Mike Boyle posed the question: is injury prevention training just good training? The obvious answer is yes. My hope here was to help quantify this question with some of the literature on injury prevention. We need to focus on intelligent training practices because we want to be a part of the injury reduction movement. “Injury prevention” is a false idea, while injury reduction is more likely what we are doing. By incorporating some of these concepts into programming, we effectively can reduce the need to spend time and resources on targeted injury prevention programming, because we’re doing it all the time.

 

Train smart, train hard, facilitate recovery. It really is that simple, however that doesn’t mean that it is easy.

 

References:

1. Hewett, T.E., Myer, G.D., Ford, K.R., Paterno, M.V. and Quatman, C.E. (2016), Mechanisms, prediction, and prevention of ACL injuries: Cut risk with three sharpened and validated tools.

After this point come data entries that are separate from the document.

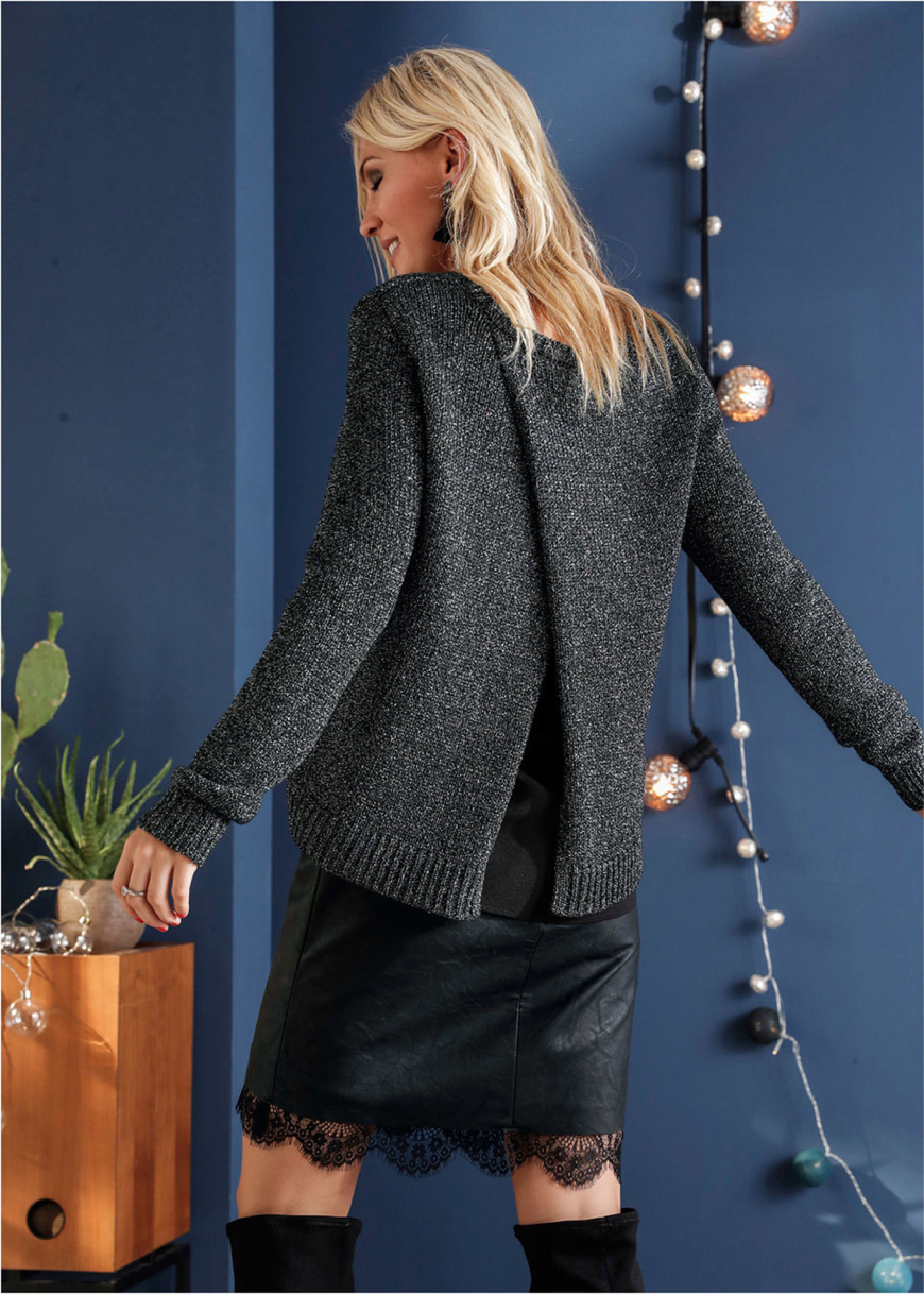 Svetre so silnými akcentmi sa hodia rovnako tak k bežnému, ako aj večernému outfitu. Skvelo vyzerajú s koženou sukňou, ktorá outfit ozvláštni, pridá mu na jase.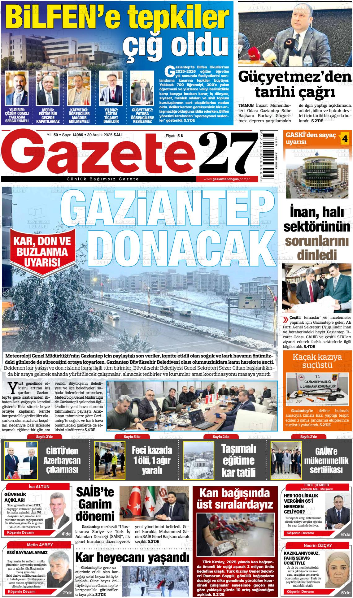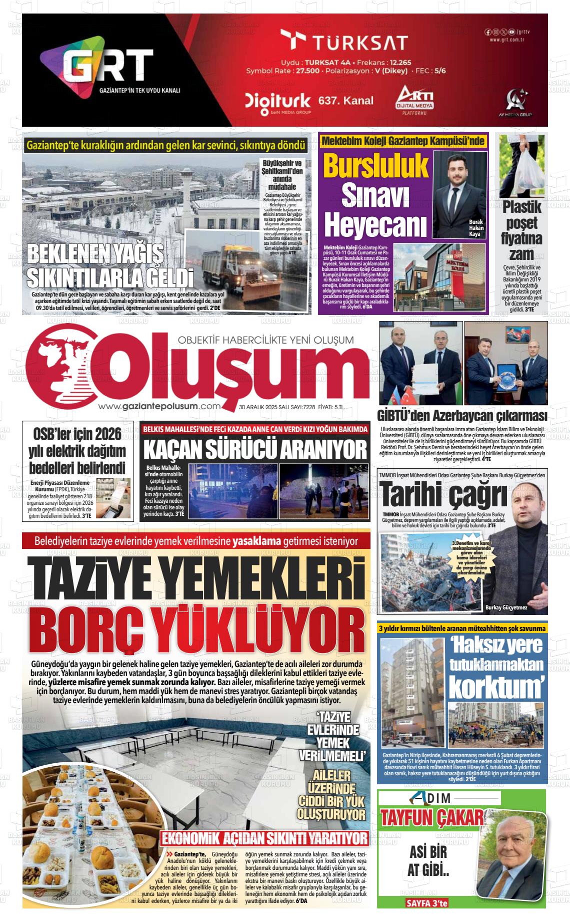 Gazİantep Yerel Gazeteleri 30 Aralık 2025, Salı Günü Manşeti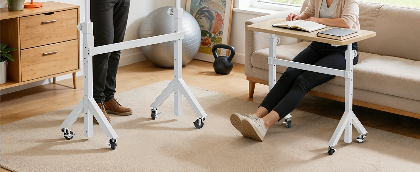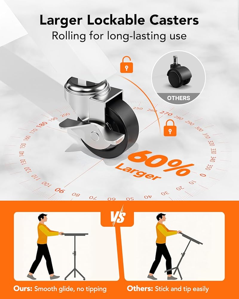 Stable Three-Leg Design: Experience the stability you deserve at work. Our mobile stand up desk features a sturdy triangular leg design that ensures maximum support. Unlike traditional designs, this structure offers added security, preventing wobbling or tipping, even when adjusting to higher settings.

J. Orthop. Res., 34: 1843-1855. https://doi.org/10.1002/jor.23414

 

2. Kaminski TW, Hertel J, Amendola N, Docherty CL, Dolan MG, Hopkins JT, Nussbaum E, Poppy W, Richie D; National Athletic Trainers' Association. National Athletic Trainers' Association position statement: conservative management and prevention of ankle sprains in athletes. J Athl Train. 2013 Jul-Aug;48(4):528-45. doi: 10.4085/1062-6050-48.4.02. PMID: 23855363; PMCID: PMC3718356.

 

3. Liaghat B, Pedersen JR, Husted RS, Pedersen LL, Thorborg K, Juhl CB. Diagnosis, prevention and treatment of common shoulder injuries in sport: grading the evidence - a statement paper commissioned by the Danish Society of Sports Physical Therapy (DSSF). Br J Sports Med. 2023 Apr;57(7):408-416. doi: 10.1136/bjsports-2022-105674. Epub 2022 Oct 19. PMID: 36261251; PMCID: PMC10086287.

 

4. Petushek EJ, Sugimoto D, Stoolmiller M, Smith G, Myer GD. Evidence-Based Best-Practice Guidelines for Preventing Anterior Cruciate Ligament Injuries in Young Female Athletes: A Systematic Review and Meta-analysis. Am J Sports Med. 2019 Jun;47(7):1744-1753. doi: 10.1177/0363546518782460. Epub 2018 Jul 12. PMID: 30001501; PMCID: PMC6592422.

 

5. Foss KDB, Thomas S, Khoury JC, Myer GD, Hewett TE. A School-Based Neuromuscular Training Program and Sport-Related Injury Incidence: A Prospective Randomized Controlled Clinical Trial. J Athl Train. 2018 Jan;53(1):20-28. doi: 10.4085/1062-6050-173-16. Epub 2018 Jan 13. PMID: 29332470; PMCID: PMC5800723.

 

6. Jayanthi NA, Post EG, Laury TC, Fabricant PD. Health Consequences of Youth Sport Specialization. J Athl Train. 2019 Oct;54(10):1040-1049. doi: 10.4085/1062-6050-380-18. PMID: 31633420; PMCID: PMC6805065.